At first I generate sample distribution, after that I compare expected (theoretical) mean of distribution and simulated mean.

sim <- 1000 # simulations
n <- 40 # samples
lambda <- .2

# Set some randomness
set.seed(as.numeric(Sys.time()));

# Simulate exponential distribution
mns = NULL
for ( i in 1:sim ) {
  mns = c(mns, mean(rexp(n, lambda))) 
}

# Here we have averages (means)
head(mns)
## [1] 4.199539 4.030700 6.155426 5.167455 4.160959 6.183172

Theoretical mean of exponential distribution is 1/lambda. Let’s compare theoretical mean with simulation mean and show that they are pretty close to each other.

# expected (theoretical) mean and simulated mean
c(1/lambda, mean(mns))
## [1] 5.000000 5.042745

Conclusion: Simulated mean is close to expected (theoretical) mean of a normal distribution.

Sample Variance versus Theoretical Variance

Theoretical variance of a random sample for exponential distribution with n observations is

\[Var(\bar X) = \frac{\sigma^2}{n} = \frac{1}{\lambda^2}*\frac{1}{n} = \frac{1}{\lambda^2*n}\]

Let’s compare theoretical variance with simulation variance and show that they are pretty close to each other as well.

tsd <- sqrt(1/(lambda^2*n)) # expected (theoretical) standard deviation

# Here we have theoretical and simulated standard deviations
c(tsd, sd(mns)) 
## [1] 0.7905694 0.7536786
# Here we have theoretical and simulated variances
c(round(1/(lambda^2*n),1), round(var(mns),1)) 
## [1] 0.6 0.6

Conclusion: Simulated variance is close to expected (theoretical) variance of a normal distribution.

Distribution

Here I make a plot which shows that the distribution is bell-shaped, it’s mean and standard deviation are pretty close to theoretical vlalues of normal distribution.

library(ggplot2)

xdf <- as.data.frame(mns)
ggplot(data = xdf, aes(x = mns)) + geom_histogram(aes(y = ..density..), fill = I("cyan"), 
    binwidth = 0.2, color = I("red")) + stat_function(fun = dnorm, arg = list(mean = 1/lambda, 
    sd = 1/(lambda*sqrt(n))   )) + geom_vline(xintercept = 1/lambda, 
      lwd=.5) + geom_vline(xintercept = mean(mns), 
      lwd=.5) + geom_text(aes(x=1/lambda + 2*tsd, 
        label=paste("Mean (Theoretical) = 5\nMean (Simulated) = ", round(mean(mns),3)), 
        y=0.5), size=3) + geom_text(aes(x=1/lambda + 2*tsd,
        label=paste("Standard deviation (theoretical) = 0.79\nStandard deviation (simulated) = ",
                    round(sd(mns), 2)),y=0.4),size=3) + labs(title="Density of means from Exp. Distribution",
                                                             x="Means")

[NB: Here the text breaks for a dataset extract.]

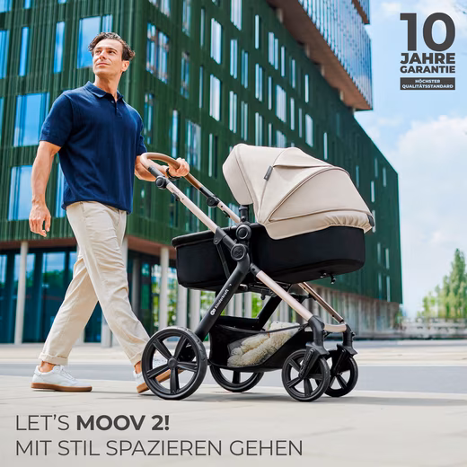 The MOOV 2 stroller ensures comfort from the very first days of life. Thanks to the large carrycot, the stroller can also be used by older children. With the soft insert, your child will feel so comfortable in the stroller that they won’t want to get out.

According the CLT, the sample mean X is approximately normal with mean mu and sd=sigma/sqrt(n) .

With this level of sample size, we can assess how well the data matches a 95% confidence interval to the population.

The 95% confidence interval for mu is calculated as follows:

\[\bar X \pm 1.96 * StandardError = \bar X \pm 1.96 * \frac{\sigma}{\sqrt(n)}\]

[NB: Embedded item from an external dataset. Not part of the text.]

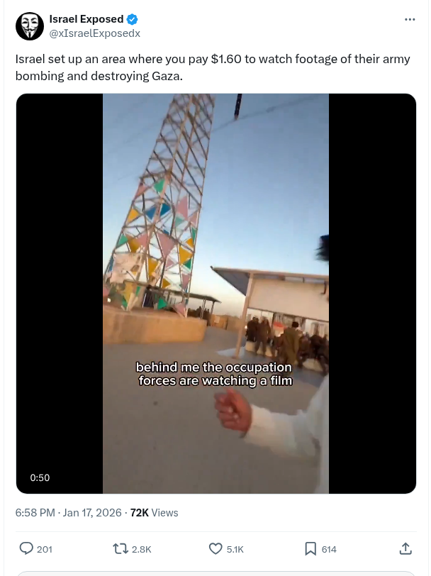 Israel Set Up An Area Where You Pay $1.60 To Watch Footage Of Their Army Bombing And Destroying Gaza.

Taking the sample mean and +/- 1.96 * stderror we can then determine the number of times this result includes the population mean. This will be expected to be approximately 95% of the time.

Now find out how sample means match 95% confidence interval.

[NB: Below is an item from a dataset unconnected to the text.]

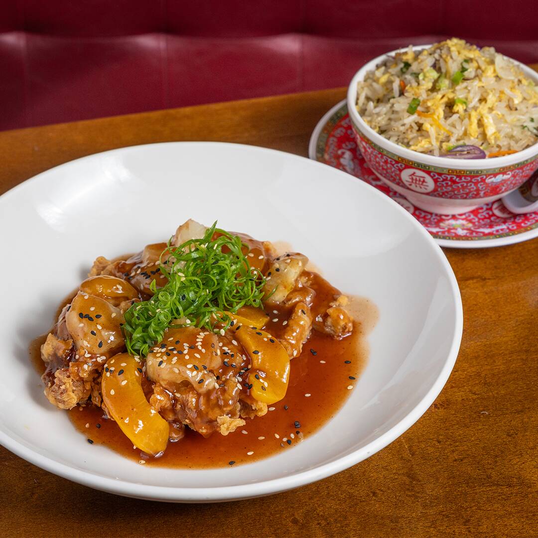 Frango desossado crocante com molho agridoce, abacaxi e pêssego com arroz frito cantón.

mdiff <- abs(mns-1/lambda) - 1.96* (1/lambda) / (sqrt(n))
proportion <- 100 * length(mdiff[mdiff<=0])/sim
proportion # the result of matching
## [1] 95.2

Conclusion: As we can see the simulated means match 95% confidence interval pretty well.

Conclusion

Simulated mean, variance and standard deviation of simulated data are pretty close to expected (theoretical) values of normal distribution. The plot of the density of simulated distribution is bell-shaped. Population means matches 95% confidence interval of normal distribution. So we can say that the distribution is approximately normal.